People in Business: customer, manager, supplier, distributor, shareholder, employee, staff, partner, boss, management

 

Business Activities: business, investment, delivery, payment, development, production, communication, competition, takeover, distribution

 

Business Actions: sell, manage, receive, confirm, provide, send, develop, discuss, achieve, improve

 

Business Descriptions: high, big, low, global, international, local, competitive, corporate, strategic, financial

 

Business Events & Entities: sale, merger, trade, package, export, service, market, earnings, performance, product

 

Fig. 30  Key words analysed in the thesis shown by semantic category

 

Each of the 50 words was then subjected to an eight-part analysis, using, in part, Hoey’s (1997:1)[4] questions asked of any concordance line.  This eight-part analysis is now laid out below.

 

Step 5 : More detailed analysis of key words[5]  

 

a) Keyness: The significance of each word computed by WordSmith 3 was noted. This statistic showed how significantly different the frequency of the word was in the BEC compared to its use in the BNC. This was done by comparing the BEC to the BNC Sampler corpus using Log Likelihood at p = 0.000001.

 

b) Collocation: Hoey asked ‘What lexical patterns is the word part of?’ referring to the typical collocates of words. The most statistically significant collocates were determined for the key words chosen using WordSmith 3 and the Mutual Information statistic. The results were noted and presented. Due to the potential skewing of results caused by the MI statistic, collocation was dealt with in much more depth in terms of semantic prosody.

 

c) Semantic Prosody: Hoey asked ‘Does the word regularly associate with particular other meanings?’ This refers primarily to semantic prosody. The collocates of each key word were analysed to discern if they fall into distinct semantic groups or sets. Primarily, a collocational span of 5:5 was used, though on occasion a span of 10:10 was needed to determine semantic prosodic relations.  Semantic prosody was determined manually, as there is at present no automatic method of identification. The lexical sets formed by the collocates were noted, counted and presented in a table along with their percentage value, compared to the total amount of instances of the word (as done by Hoey 2000:232). Analysis in this section - in connection with analysis described in Step 6 - was able to answer the second research question - can the concept of semantic prosody be found in Business English and, if so, are there business-specific semantic prosodies?

 

d) Colligation and patterning:  Hoey’s questions three and four were combined, thus the questions asked of the key words were ‘What structure(s) does it appear in?’ and ‘Is there any correlation between the word’s uses/meanings and the structures in which it participates?’

 

For the colligational analysis, the BEC was POS tagged by the automatic tagger Autasys (Fang 1998), using the LOB tag set. The key words were then analysed manually utilising the tagged corpus, and the most common grammatical patterning and meanings of the chosen key words were compared to the patterning/meaning relations found in general English as shown in the COBUILD Dictionary (Sinclair et al. 1995) and COBUILD Grammar Patterns Verbs, Nouns and Adjectives (Francis et al. 1998a,b). Additional typical grammatical patternings of the key words were noted. The presence of sub-technical language was also analysed at this point, and the phenomena of reduced and altered meaning of words in a specific lexical environment were noted and recorded. The analysis carried out in this section - in connection with analysis described in Step 6 - was able to answer the third research question - what colligational patterns can be found in Business English and can grammatical patterning typical to Business English be found?

 

Also in this section a short analysis was carried out in line with Pickett (1988, 1889), where Business English was defined in terms of its lexical layering as discussed in Chapter 3. One text from a specific field of business - sportswear sale and distribution - was examined. Key words for the text were computed using Log Likelihood with p at p=0.000001. The resulting key word list was then categorised by use of concordancing into three categories of words:

 

·    Specialist business words - words specific to a field of business.

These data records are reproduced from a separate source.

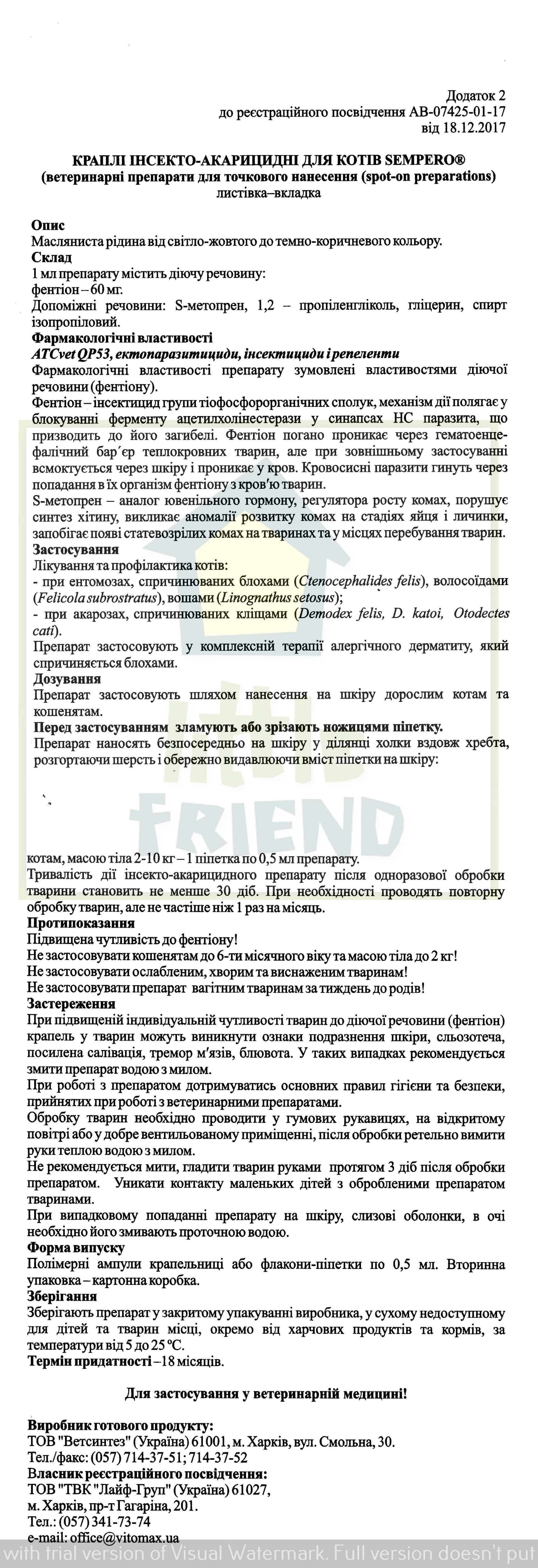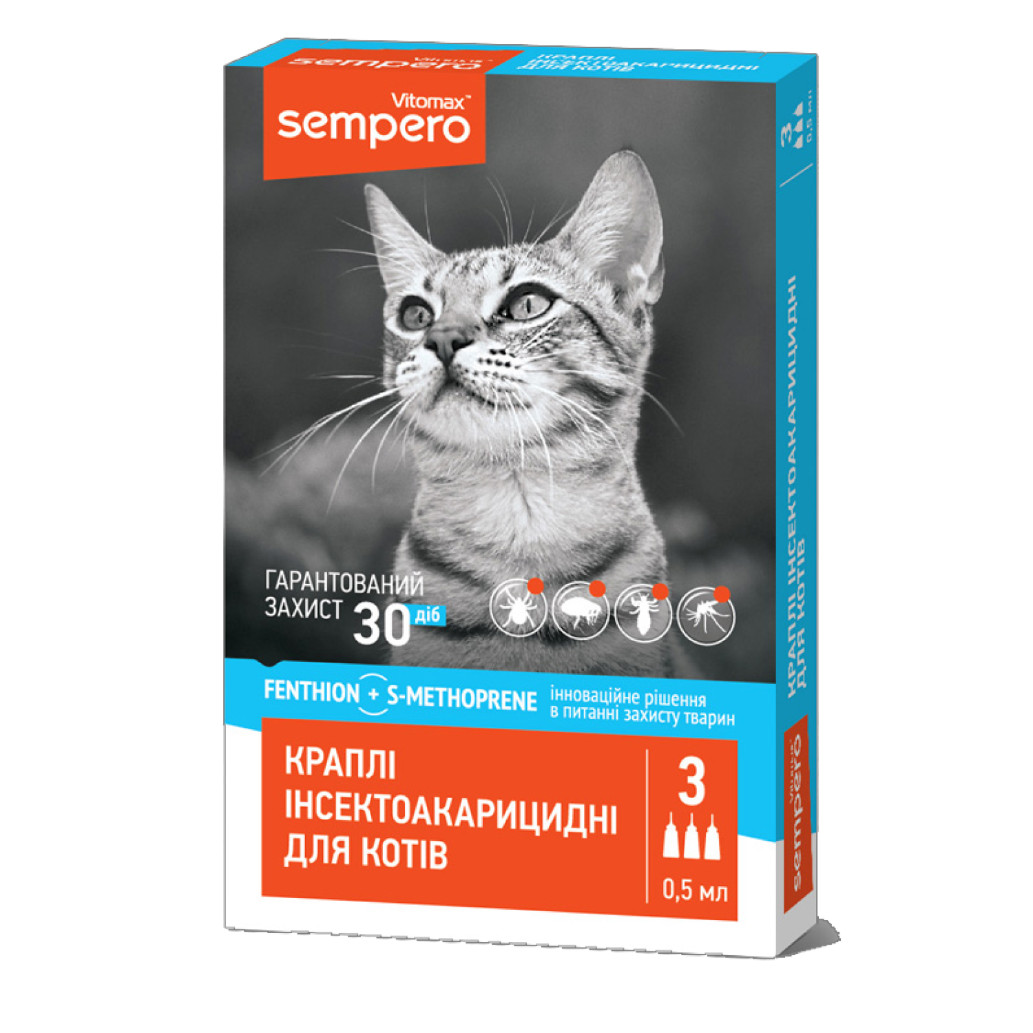 Sempero для котів-інсектоакарицидні краплі нового покоління на основі комбінації діючих речовин Fenthion та S-Methoprene. Гарантований захист від ектопаразитів на всіх стадіях розвитку.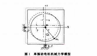 振動電機(jī)偏重塊質(zhì)量m n,以偏心距7和角速度力響應(yīng),作與激振力相同角頻率的平面回轉(zhuǎn)諧運(yùn)動,篩體平面回轉(zhuǎn)角速度與激振力角速度相同。由于篩體位移落后激振力180度,所以,固定在篩體上的振動電機(jī),其偏重塊受篩體牽連,作與篩體反方向的牽連運(yùn)動,產(chǎn)生反向牽連運(yùn)動慣性力,設(shè)支承彈簧剛度為k,阻尼系數(shù)為f。該振動機(jī)械的力學(xué)模型如圖1所示。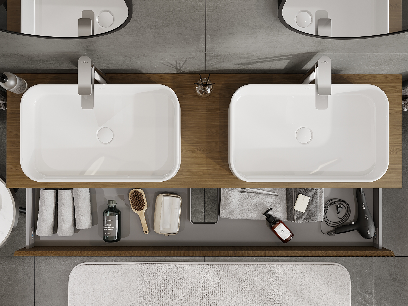 Mexen Rivel vannas istabas skapītis zem izlietnes 160 cm, 2 atvilktnes, rievots, rieksta krāsā - 91A20-16047-2-BFF86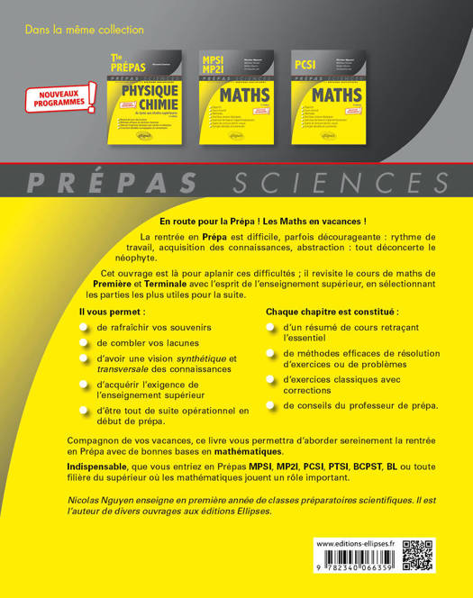 Compagnon de vos vacances, ce livre vous permettra d'aborder sereinement la rentrée en Prépa avec de bonnes bases en mathématiques.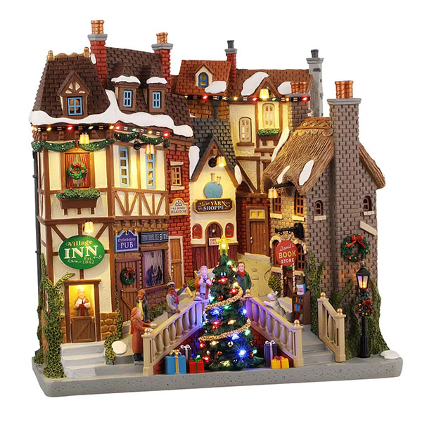 Fachada navideña con escaparates y ventanas iluminadas. Incluye luces parpadeantes en la fachada y figuritas tridimensionales en las ventanas y escaparates. Para completar tu pueblo navideño. Se puede colgar en pared.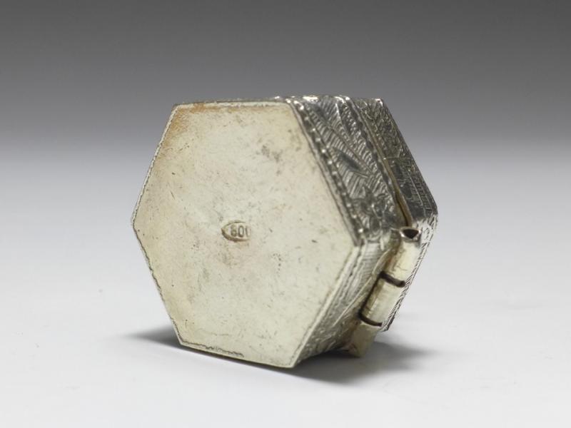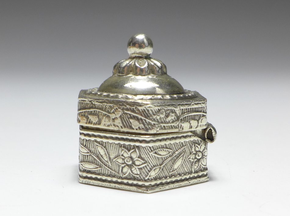 Pillendöschen als Schatztruhe, 800er Silber punziert. Deckel als Kuppel, Rand mit Blüten. Guter gebrauchter Zustand.
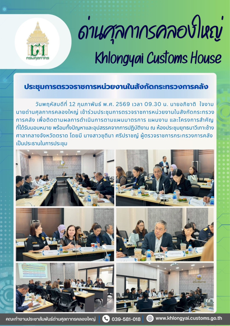 ด่านฯ คลองใหญ่ เข้าร่วมประชุมตรวจราชการหน่วยงานในสังกัดกระทรวงการคลัง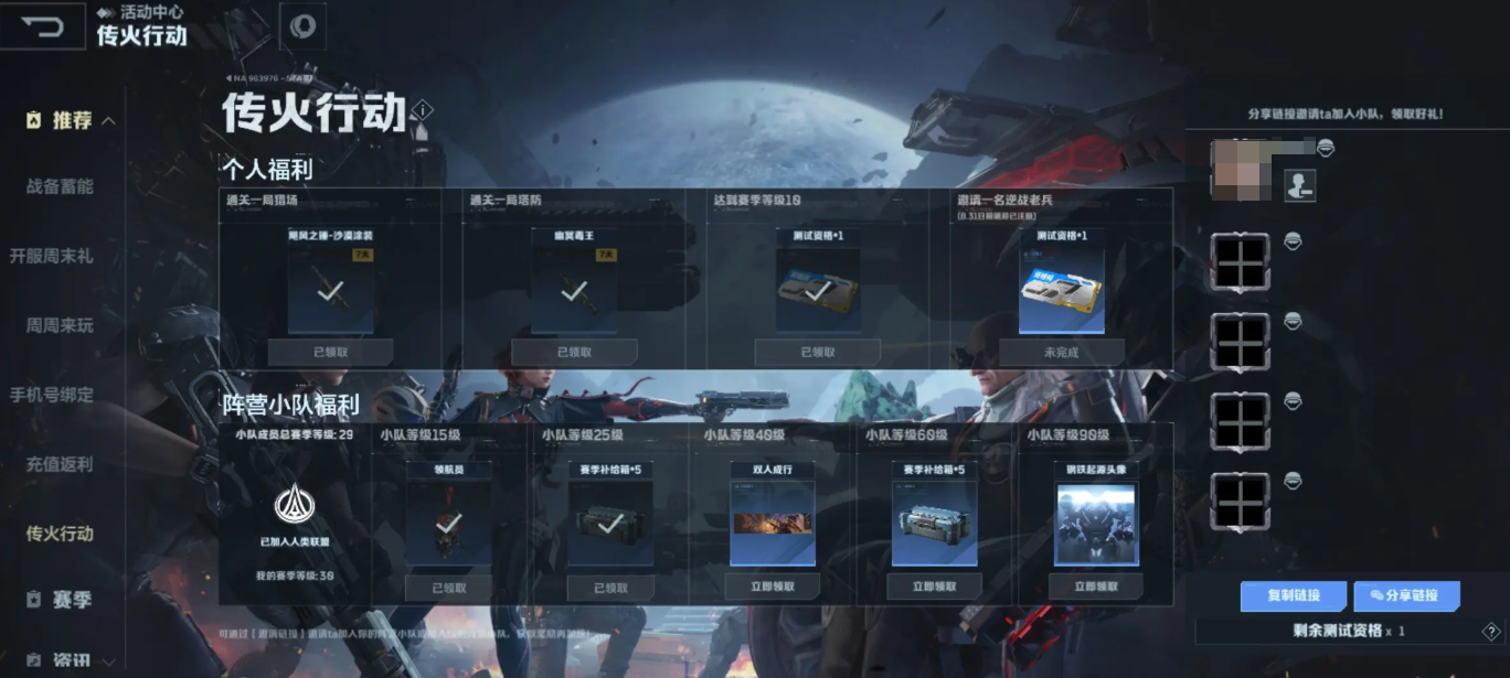 当完成“赛季等级达到10级”或“成功邀请逆战老兵”这两项条件后,玩家将获得一次测试资格的发放权利。此时可在活动界面右侧生成专属分享链接,用于邀请尚未获得资格的好友加入本次测试。建议邀请活跃度高、有稳定上线时间的玩家,以便共同推进阵营小队任务进度,助力团队达成更高等级的集体奖励目标。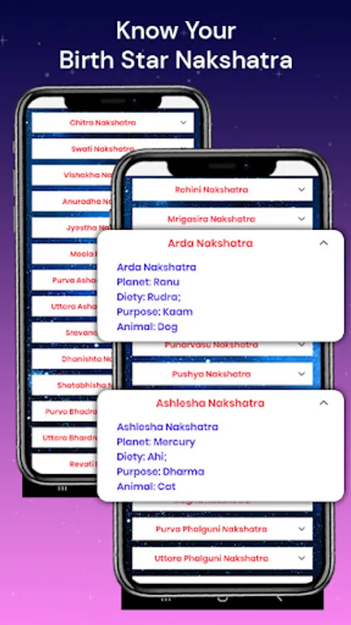 This app provides you with the best and most accurate details about your birth star, nakshatra and and also your rashi.

·    Sub-technical lexis - words with a specific meaning in the business area under investigation and possessing a different common meaning in general English.

·    General English - a general English base of words.

 

This sub-section answered the fourth research question - can the layering of business lexis be found as described by Pickett (1988, 1989)?

 

e) Macro-generic distribution: Macro-genres are defined for the purpose of this research as an umbrella category embracing several sub-genres - each macro-genre encompasses several smaller genres, but can still be identified as an overall category. For example, the macro-genre business letters can contain several sub-genres, but still be recognised as an overall category.

 

The range of usage of each key word across the macro-genres of the BEC was presented in a distribution chart using the Dispersion Plot function in WordSmith Tools 3. The Dispersion Plot chart showed both the ranked frequency of occurrence of the word in each macro-genre, and also, in graphical format, the distribution of usage of the word, also across each macro-genre.

 

Further, the macro-genres where each key word occurred most frequently were calculated and each word was placed on a four-way scale showing its most typical area of use. The scale showed both the distribution of the key words’ typical use along a spoken/written genre axis, and also distribution across a doing business-talking about business axis, using Pickett’s (1988) definitions of knowing and acting. This section answered the fifth research question - how are words distributed across Business English macro-genres and can they be divided along the ‘knowing’ - ‘acting’ axis of Pickett (1988)?

 

f) 3-word clusters: 3-word clusters for each key word were computed. These were clusters formed from the key word. A minimum number of n = 4  occurrences of the cluster in the BEC was used as a cut-off point for inclusion in the analysis.

 

In addition to analysing the 3-word clusters formed from the key words, further analysis was carried out on the word clusters in the BEC at both macro- and micro-level. 

 

Macro-level: Firstly, the most frequent 2-8 clusters were computed from the BEC. Then, the key word procedure was run to create key cluster lists of the most key 2- to 8-word clusters using the Log Likelihood procedure with p at p = 0.000001. These were noted and recorded. These combined lists provided a clear macro-level picture of the clusters in the BEC.

 

Micro-level: Ten clusters were chosen for closer examination from the macro-level analysis above: five 2-word and five 3-word clusters. Three of the five 3-word clusters chosen were picked on the grounds of high frequency, as the most key 3-word clusters were of very low frequency. The 2-word clusters were all key, and were chosen as being intuitively ‘business’ phrases. The clusters were then subjected to the same analysis as the key words as in Step 5 (a-f) above. This section ­- in connection with analysis described in Step 6 - answered the sixth research question - what kinds of clusters can be found in Business English and do business-specific clusters exist?

 

g) Associates: These were defined in Step 3. Associates of each key word under analysis were noted and presented. The relationship of key key-words to their associates was analysed and ten high-frequency key key-words were chosen for closer associative analysis. This section of the research answered the final research question - how do words associate with each other in Business English?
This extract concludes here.